MADRID – The Spanish Socialist Workers Party, or PSOE, won a plurality in the elections Sunday in the southern region of Andalusia, which were seen as a test of strength for the traditional political parties and new parties ahead of the regional and national elections later this year.
Two young parties – Podemos and Ciudadanos – made their debut in the balloting, but with 97.65 percent of the votes counted, the PSOE won 47 of the 109 seats in the regional legislature, while the center-right Popular Party, which governs Spain at the national level, won 33 districts, the leftist Podemos 15, the liberal centrist Ciudadanos 9 and the leftist Izquierda Unida 5.
The importance of the vote is based on the fact that it is the first Spanish election in a year in which Spaniards will go to the polls in May to choose officials in 8,000 cities and 13 regions and will renew the national Parliament in November.

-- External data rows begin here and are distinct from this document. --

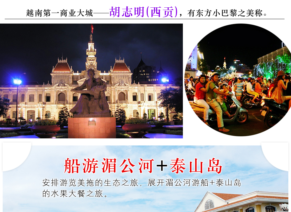 胡志明→美拖【湄公河游船+泰山岛】→头顿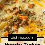 This Creamy Turkey Sausage Potato Soup is a hearty, flavorful soup made with ground turkey sausage, tender red potatoes, and savory vegetables. Perfect for a cozy meal, it can be easily prepared on the stovetop or in a Crock Pot, delivering comforting warmth and rich taste.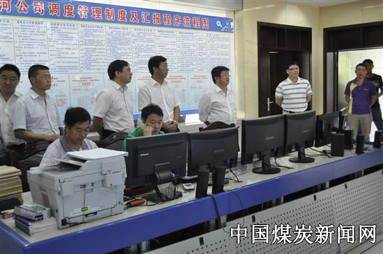 尹志华一行到松河公司后,首先参观了调度室,并询问了调度人员应知应会相关知识及日常工作流程。随后,尹志华在调度会议室主持召开了调研座谈会。
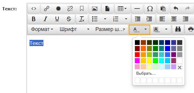 Для изменения цвета шрифта в контекстном меню нажать на иконку «А (цвет текста)», во всплывающей цветовой палитре указать требуемый цвет шрифта из предустановленных образцов либо создать новый образец нажатием на кнопку «Выбрать».
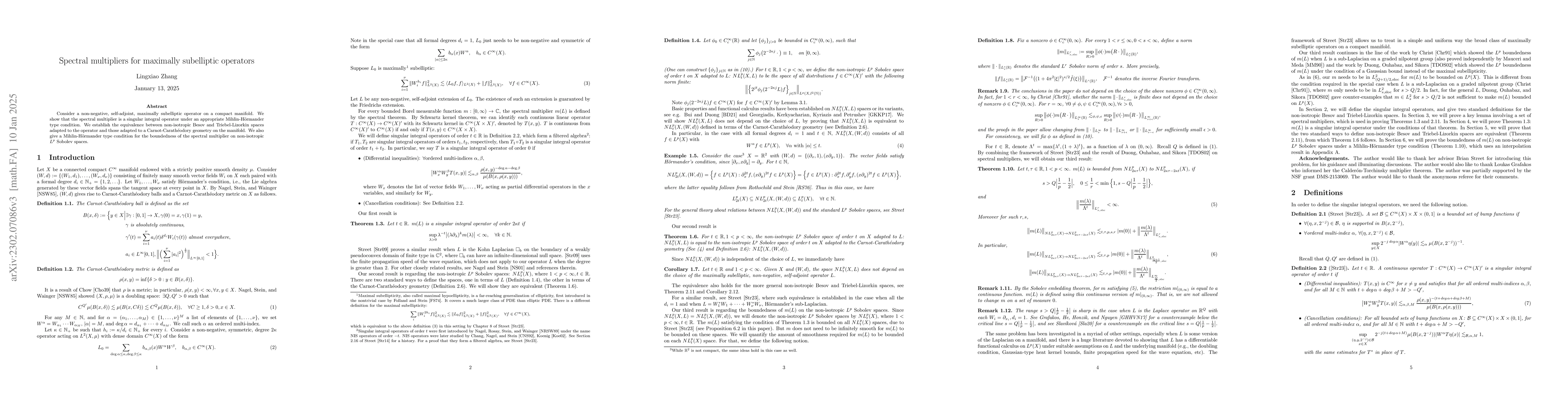 This paper demonstrates that the spectral multiplier for a maximally subelliptic operator on a compact manifold is a singular integral operator under a Mihlin-Hörmander condition. It further establishes equivalence between non-isotropic Besov and Triebel-Lizorkin spaces adapted to the operator and to a Carnot-Carathéodory geometry, and provides a condition for the boundedness of the spectral multiplier on non-isotropic $L^p$ Sobolev spaces.
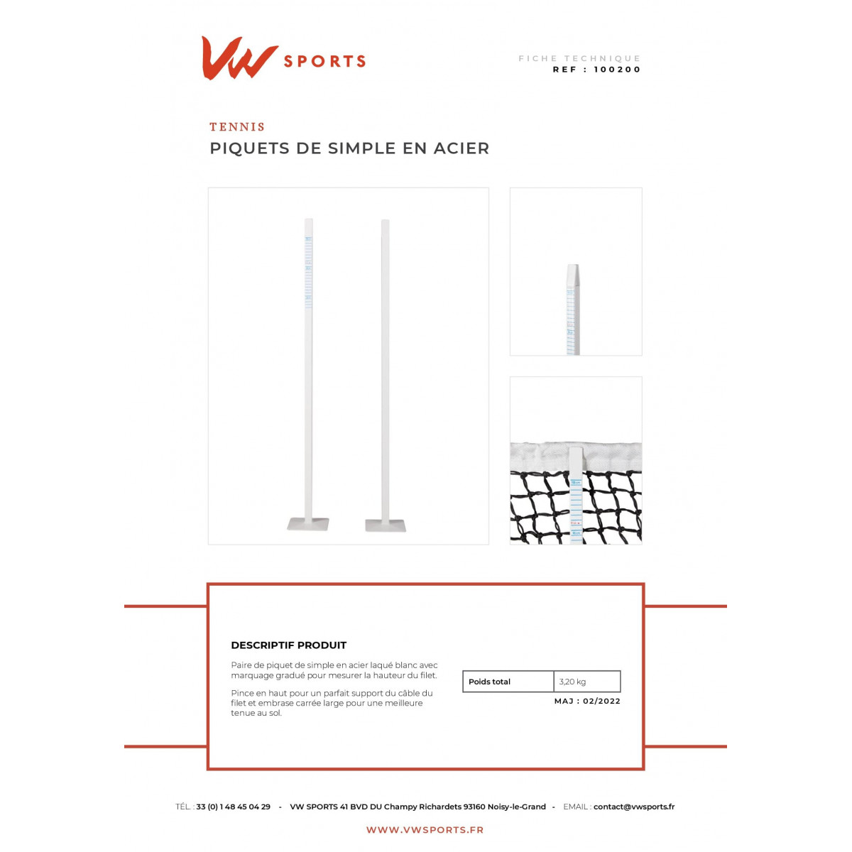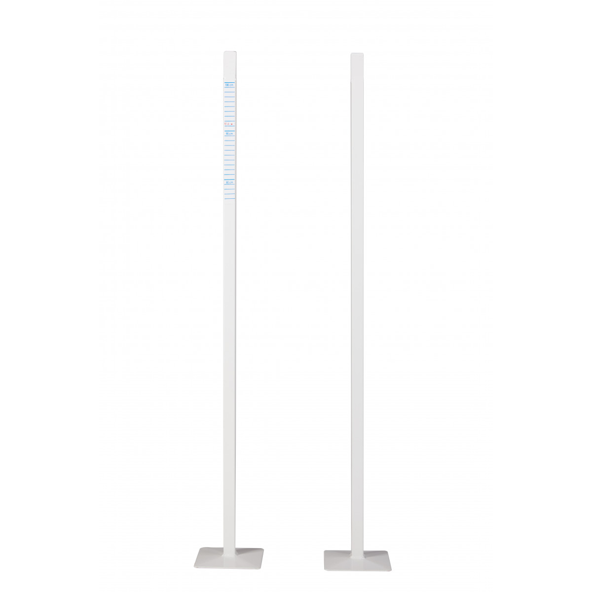 Paire de piquets de simple en acier laqués blancs avec marquage gradué pour mesurer la hauteur du filet.

With a population of 8.3 million, Andalusia – Spain’s largest region – has been governed by the Socialists for the past three decades and the results on Sunday confirm their continued dominance, albeit with a somewhat different configuration because more parties are now present in the regional parliament and the PSOE will need to forge political alliances – which, in all likelihood, will be rather problematic – to achieve a governing majority.
The appearance of Podemos and Ciudadanos – which are calling for democratic renewal – on the Spanish political scene have drawn votes from the two large parties, the PP and the PSOE, which have alternated in power at the national level for more than three decades.
Both large parties, however, have been hurt at the polls by assorted corruption scandals and for their handling of Spain’s economic crisis, which are the two issues that are of greatest concern to Spaniards, according to recent opinion surveys.
Nearly 6.5 million voters were eligible to cast ballots in the Andalusian regional elections, and the polls were scheduled to close at 8:00 p.m.
Public opinion surveys ahead of the vote showed the Socialists winning, but without an absolute majority, forcing party leaders to hammer out pacts to govern.
Pre-election poll results also indicated that Spain’s traditional two-party system would be broken by the emergence of Podemos and Ciudadanos, with the four parties separated by only a few percentage points in voter surveys.